### MATERIAL SHOWN
- - - - - - -

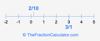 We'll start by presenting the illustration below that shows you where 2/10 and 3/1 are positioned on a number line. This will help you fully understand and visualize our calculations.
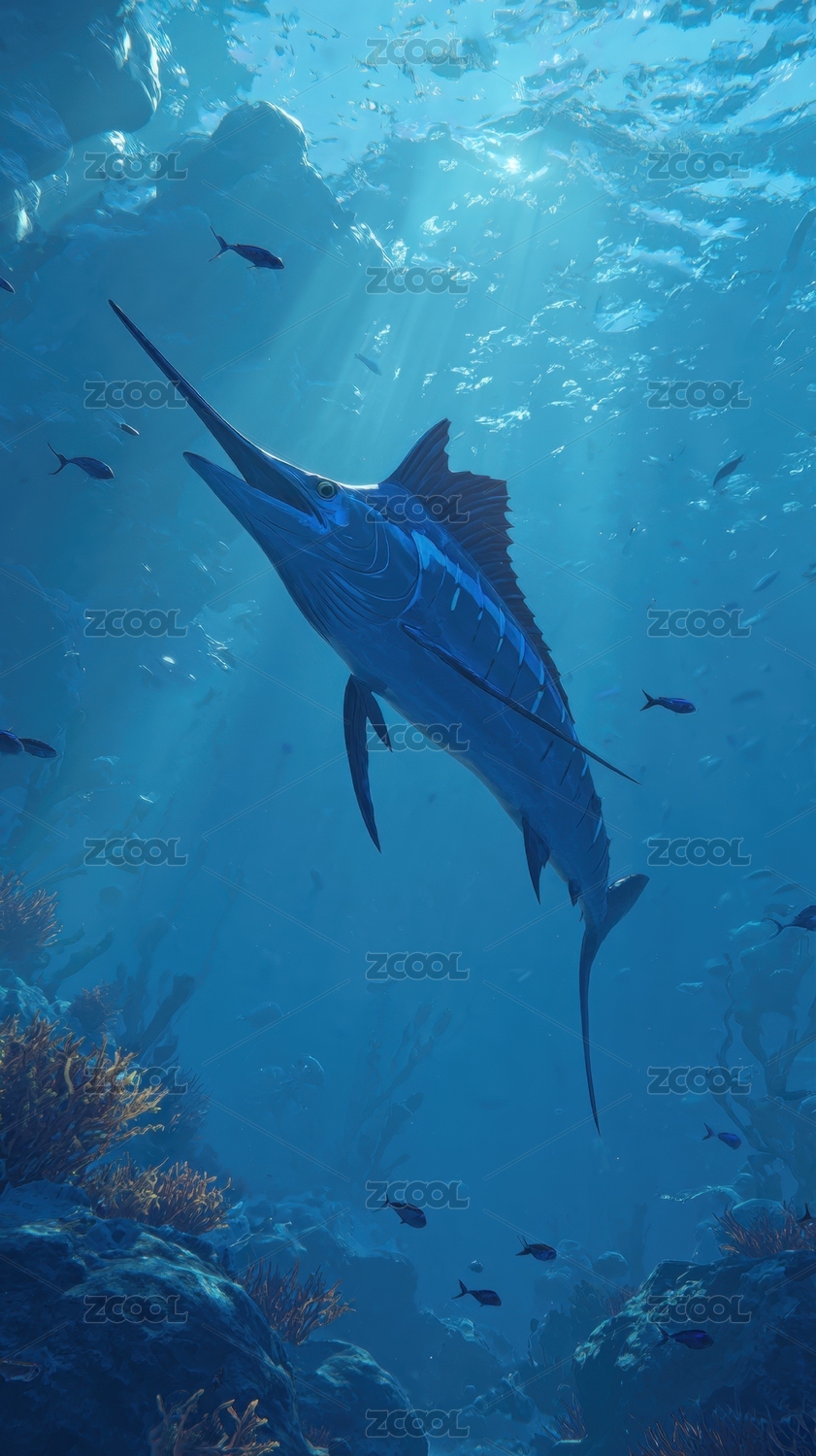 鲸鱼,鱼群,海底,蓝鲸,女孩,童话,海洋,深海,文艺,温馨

- - - - - - -

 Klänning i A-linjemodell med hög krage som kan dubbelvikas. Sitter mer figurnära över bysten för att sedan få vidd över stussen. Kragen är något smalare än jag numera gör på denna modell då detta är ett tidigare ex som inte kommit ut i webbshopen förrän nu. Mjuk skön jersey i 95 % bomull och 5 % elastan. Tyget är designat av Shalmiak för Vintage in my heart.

- - - - - - -

### TASK STATEMENT
The response must repeat exactly the lines above from the one with "We'll start by" through the one with "鲸鱼,鱼群,海底,蓝鲸,女孩,童话,海洋,深海,文艺,温馨", including both, and must contain no pictures and no other text.

### SOLUTION FOR THIS TASK
 We'll start by presenting the illustration below that shows you where 2/10 and 3/1 are positioned on a number line. This will help you fully understand and visualize our calculations.
 鲸鱼,鱼群,海底,蓝鲸,女孩,童话,海洋,深海,文艺,温馨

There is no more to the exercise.